Heart failure is a deadly disease, affecting over 6.2 million individuals and costing the United States an estimated 30.7 billion dollars (Virani et al., 2020). By 2023, heart failure costs in the United States are estimated to grow to 70 billion dollars with 75-80% of these costs attributed to inpatient hospitalizations (Heidereich et al., 2022). The CardioMEMs® is a small device placed in the patient’s pulmonary artery via a minimally invasive procedure by an interventional cardiologist. The use of remote patient data from the CardioMEMs® device has been shown to reduce hospital re-admissions, facilitate tailored medication management, detect increased pulmonary artery pressures before clinical signs of decompensated heart failure, and improve patient quality of life (Haynes et al., 2020). The focus of this project will be to improve patient compliance with daily remote CardioMEMs® readings using patient reminders beyond the standard of care within the Nebraska Medicine healthcare network.

Purpose Statement

The purpose of this quality improvement project is to evaluate the effects of increased CardioMEMs® education and bi-weekly adherence reminders on CardioMEMs® compliance, heart failure-related symptoms, physical and social functioning, self-efficacy, knowledge, quality of life, patient activation, and health care utilization.

PICOT: In ambulatory heart failure patients with a CardioMEMs® device, how do a preimplant education session and bi-weekly text messages affect adherence over two-months?

Objectives:

1. The purpose of this quality improvement project is to evaluate the effects of increased CardioMEMs® education and bi-weekly adherence reminders on data transmission rates, heart failure-related symptoms, physical and social functioning, self-efficacy, knowledge, quality of life, patient activation, and health care utilization (outpatient clinic visits, emergency room visits, and 30-day hospital re-admissions).

2. Compare retrospective cohort and prospective cohort CardioMEMs® adherence data.
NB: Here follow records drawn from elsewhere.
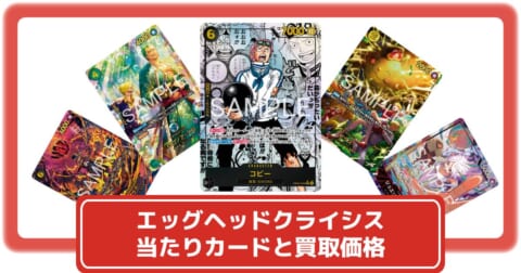 ワンピースカードゲームのエクストラブースター第4弾「EGGHEAD CRISIS」の当たりカードや買取価格を紹介しています。レアリティ毎の価格や封入率についても掲載しているので、ぜひ参考にしてください。
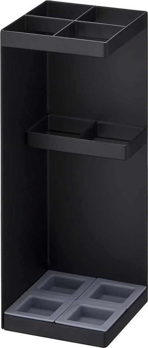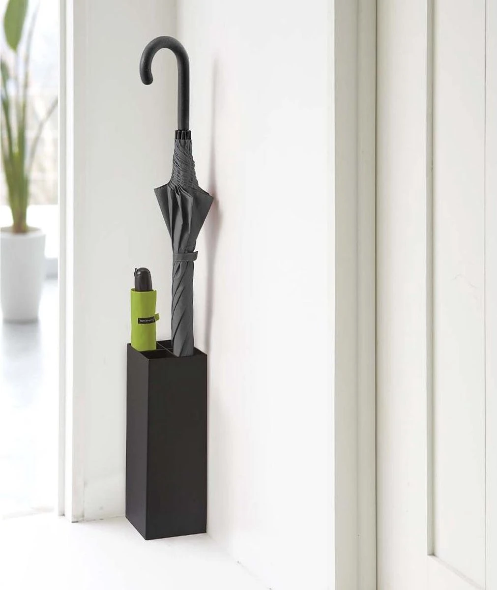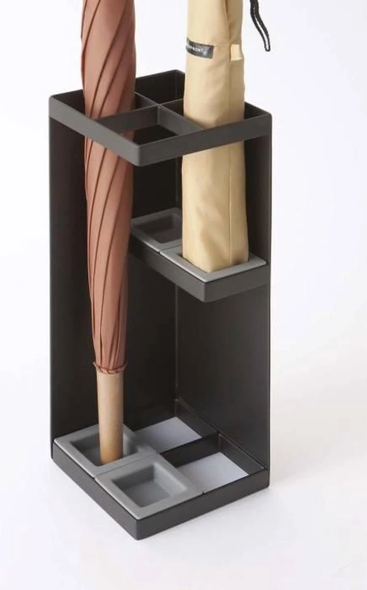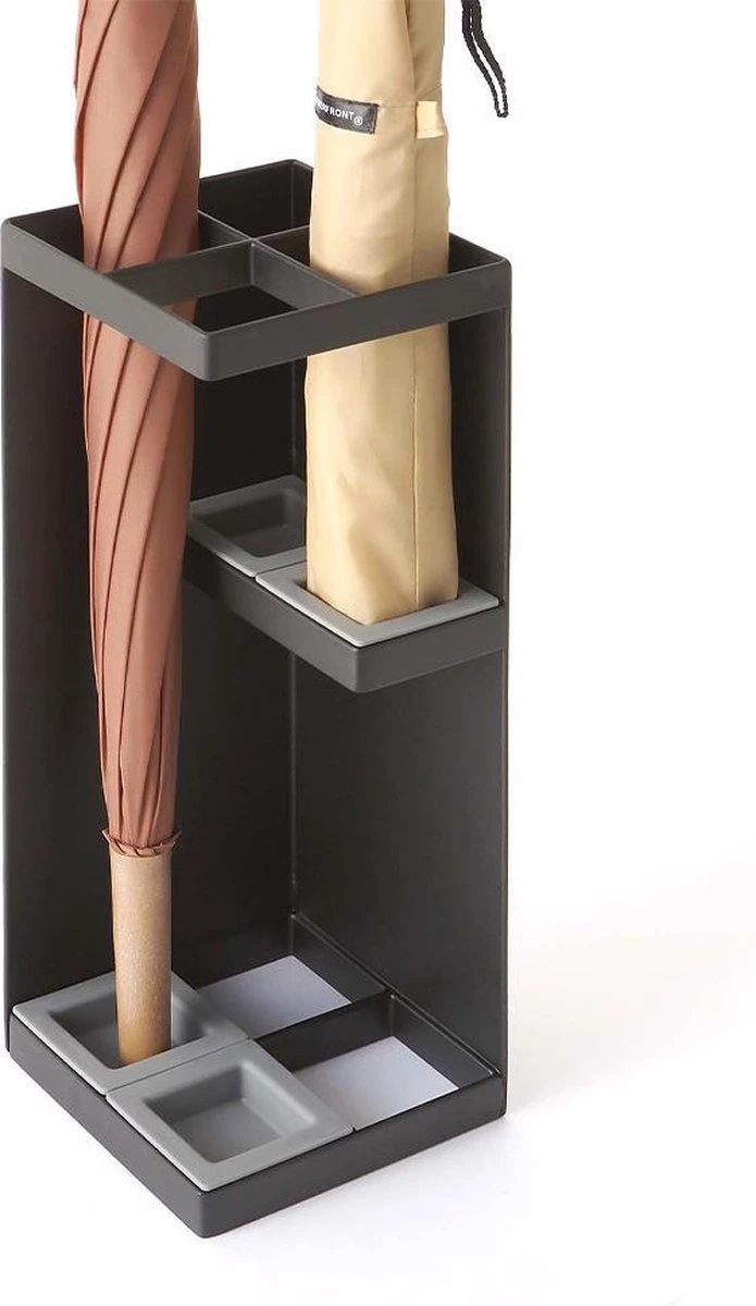 De paraplubak is zwart en is gemaakt van gepoedercoat staal. De uitneembare bakjes zijn van ABS kunststof. Door de hoogte van 30 cm passen ook lange paraplu’s in de parapluhouder en wordt je paraplu opbergen een eitje. Verder is de bak 11 cm breed en 11 cm diep.
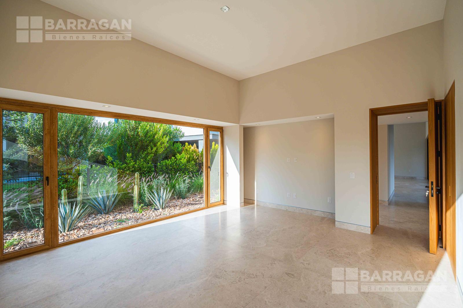 En planta baja cuenta con 4ta recámara con baño completo, amplio comedor con doble vista, sala con bar que se integra a una terraza techada con asador. Espectacular cocina equipada con puertas de encino natural con isla y barras de gres porcelanico italiano (piedra tecnológica), congelador y doble refrigerador paneleable. Cafetera, lavavajillas, parrilla, campana y doble horno, marca premium Café. Dos tarjas marca Shock Cristadur de cuarzo con tanque de agua de Osmosis Inversa, cierres lentos alemanes marca Blum, alacena independiente. Digno cuarto de servicio y una amplia lavandería con área de tendido. Áreas verdes perimetrales y jardín privado. Bodegas interiores y exteriores

3. Perform comparison statistical analyses for retrospective cohort and prospective cohort CardioMEMs® adherence data comparing adherence rates from retrospective review of January 2022-December 2022 and two months following CardioMEMs® implant for the prospective cohort.

Methods:

Design: This is a quality improvement study with retrospective cohort chart review and prospective cohort intervention analysis.

Setting and participants: Participants will be recruited by the Nebraska Medicine Heart Failure Services line.
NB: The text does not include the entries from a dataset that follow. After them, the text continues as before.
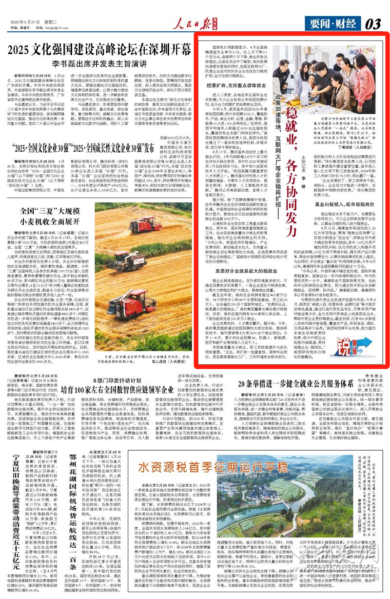 《人民日?qǐng)?bào)海外版》在文章中提到,穩(wěn)企業(yè)就是穩(wěn)就業(yè),不少企業(yè)積極發(fā)揮平臺(tái)優(yōu)勢(shì),以真金白銀的投入助力穩(wěn)就業(yè)。美團(tuán)2025年春季預(yù)計(jì)校園招聘5000人,覆蓋10大類(lèi)、100余種崗位,助力學(xué)子更好就業(yè);為了幫助優(yōu)質(zhì)外貿(mào)企業(yè)快速開(kāi)拓國(guó)內(nèi)市場(chǎng),美團(tuán)通過(guò)多種方式支持外貿(mào)商品上線(xiàn)美團(tuán)各業(yè)務(wù),幫助外貿(mào)企業(yè)更好穩(wěn)就業(yè)。
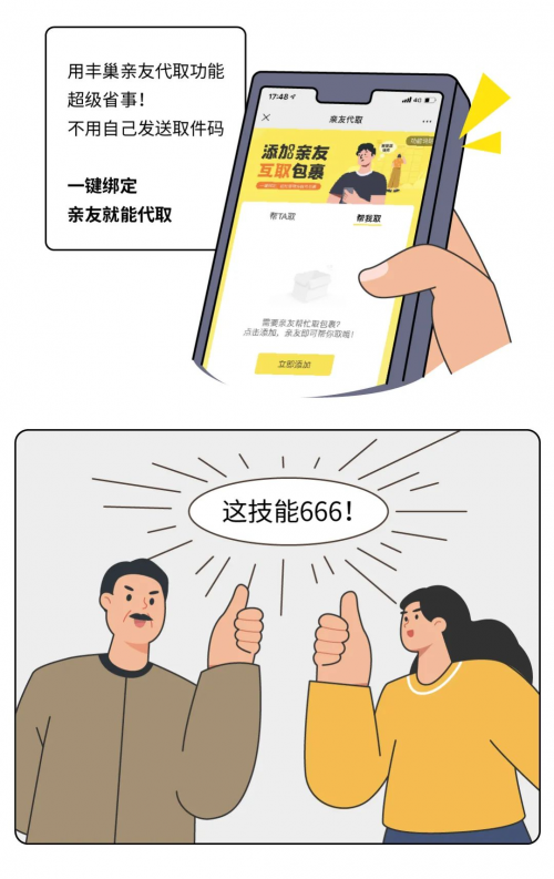 除此之外,针对多包裹且没有时间去取件的用户,丰巢也开发了“亲友代取”功能,让家人好朋友代取包裹。不需要收件人转发取件码,最大程度上避免了多包裹用户“重复取件”“漏件”等情况。只需要在“亲友代取”界面添加“帮我取”的亲友,亲友即可同步包裹取件信息,可直接到柜机扫码取件,省时又方便!
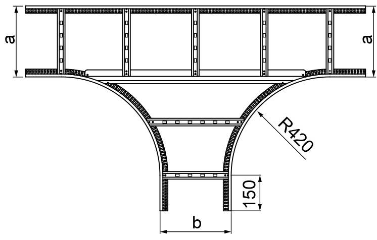 Розгалуження кабельної траси. Сталь, оцинкована методом Сендзиміра PN-EN 10346: 2015-09 За запитом: F - сталь, гаряче оцинкована PN-EN ISO 1461: 2011E - нержавіюча сталь PN-EN 10088L - фарбування в стандартний колір RAL Для монтажу використовуйте 6 кріплень, у комплекті LDC/LDOCH60i 24, включаючи болти SGKM8x14 або SGM8x14 Для нестандартних замовлень вказуйте розміри a і b.

Outcome and measurements: The primary outcome measure will be CardioMEMs® compliance with at least six out of seven days of the week, or 85% compliance. Secondary outcome measures include the Kansas City Cardiomyopathy Questionnaire (KCCQ), the Patient Activation Measure (PAM), and health care utilization which will be collected at enrollment and two months post-study intervention. Study participants will also receive enhanced education, which will be an individualized Zoom education session with a member of the Doctoral of Nursing Practice (DNP) student research team approximately one week prior to CardioMEMs® implant.
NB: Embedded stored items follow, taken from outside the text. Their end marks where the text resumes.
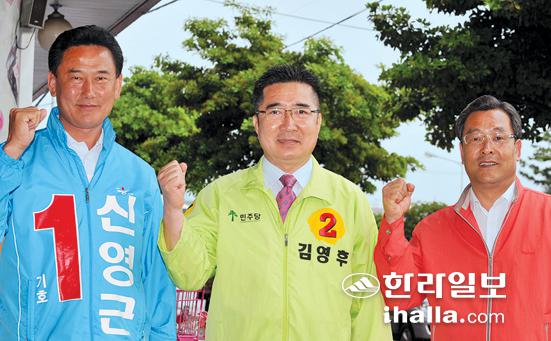 ![]() ▲제주도의회 8선거구인 화북동 지역구에 출마한 후보자들. 왼쪽부터 신영근, 김영후, 오태권 후보. /사진=강경민기자 세 후보 간판바꿔 4년만에 재대결 "지역현안 해결 서로 자신" 각축전 제8선거구(화북동)는 현역인 김병립 부의장이 불출마로 일찌감치 새로운 주인공을 찾게 된 선거구. 4년전 선거에서는 김 부의장이 열린우리당으로 출마한 가운데 한나라당은 오태권 후보가, 민주당 김영후 후보, 무소속으로 신영근 후보가 또다른 무소속 후보 2명 등 모두 6명이 나서 경쟁했다. 이번 선거에서도 당시 후보중 3명이 '간판'을 바꿔달고 재격돌하게 됐다. 한나라당 신영근(48), 민주당 김영후(59), 무소속 오태권(51) 후보로 재편된 것이다. 4년전에는 오 후보가 한나라당 주자로 낙점받으면서 신 후보가 탈당, 무소속으로 출마했다. 이번에는 오 후보가 신 후보 공천에 반발해 당을 나오는 정반대 현상이 나타났다. 세 후보 모두 화북공업단지와 화북문화벨트 조성 등을 공약으로 내걸었다. 제7대 제주시의원을 지낸 신 후보는 제주항 외항사업 국책사업 전환과 공업지역 환경개선, 역사문화자원 관광산업화 등을 대표 공약을 내걸었다. 화북주공아파트 단지의 문화복지시책확대와 인재육성사업, 상업지역 개발도 약속했다. 신 후보는 "'토박이'이고 지역에서 연합청년회장 2대, 제주시의원 4년, 주민자치위원장 2차례를 역임했다"면서 "이 지역의 실상과 문제점, 주민들의 생각들을 잘 파악하고 있고, 해결할 방안도 잘 알고 있다"고 당선을 자신한다. 민주당 김 후보는 월남참전유공자 제주도연합회장과 농업회사 제우의 대표이기도 하다. 화북공업단지 문제 해결과 문화유적지와 연계한 명품올레 등 화북문화벨트 조성, 고부가가치 창출을 위한 단지조성 등을 대표 공약으로 꼽았다. 김 후보는 "고교 재학중 월남전에 참전했고, 과감한 결단을 내리고 헤쳐 나가는 강인한 추진력을 소유하고 있다"면서 "농업회사 CEO 등을 통해 능력이 입증돼 지역에 무엇이 필요한지 연구했다"고 당선의 당위성을 피력했다. 무소속 오 후보는 지역을 위해 필요한 일이 무엇인지를 알고 있다며 첫 입성을 장담하고 있다. 화북공업단지를 준주거지역으로 용도변경하고, 공업단지 이설 및 새로운 상권을 형성해 화북경제 발전에 이바지하겠다는 포부를 밝혔다. 오 후보는 "건설, 사회문화, 체육관련 단체장을 역임하면서 풍부한 경험을 갖고 있다"며 "공업단지와 주거환경이 조화를 이룰 수 있는 '건설'이 필요하다. 화북의 발전에 반드시 필요한 '건설'을 알고 있는 후보"라고 자부하고 있다. <저작권자 © 한라일보 (http://www.ihalla.com) 무단전재 및 수집·재배포 금지 > |
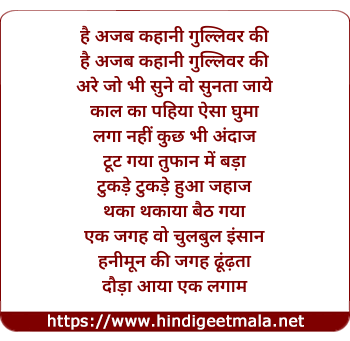 Lyrics of Ajab Kahani Gulliver Kee - अजब कहानी गुल्लिवर की
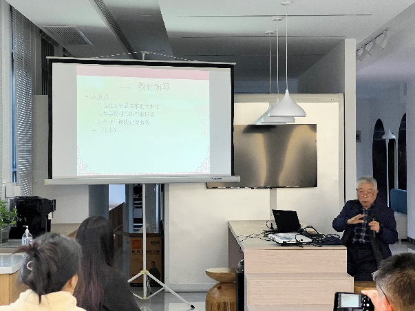 在教材编写方面,吴鼎民老师以自己编写的多部教材为例,着重指出教材编写的出发点要符合社会发展变革的大背景、为与学校相关的行业服务、为专业和课程建设服务,教材编写的理念要围绕大学英语教学“三套车”的内容体系构建,教材编写的最终目的是“教会学生学习”。谢小苑老师也以自己编写的多部教材为例,介绍了教材编写的经验和体会。

Analysis: Descriptive statistics (counts and percentages) were used to measure patient adherence. The difference in adherence was assessed with a Wilcoxon signed-rank test. Relationships between demographic and outcomes variables were assessed using Pearson's correlational methods.

Results:

A total of 10 participants were enrolled in the study, n=8 male and n=2 female. A total of 10 participants completed the pre-implant education. Average CardioMEMs® compliance from the retrospective cohort was 75% with the prospective cohort having 81% compliance.

While the compliance in the intervention group (Median = 85.0) was higher than compliance for the previous year (Median = 74.8), a Mann-Whitney U test indicated that it was not significantly different U = 74.0, p = .381. While this was not statistically significant, it was clinically significant. Amongst the study participants, our results did show a statistical significance in the decrease of 30-day hospital re-admission rates/HCU3 (U= 1.5, p = 0.020) between those with higher compliance rates (median = 100%) compared to those with lower compliance (median= 67%). Over half (60%, 6) of participants experienced an increase in their diuretic therapy.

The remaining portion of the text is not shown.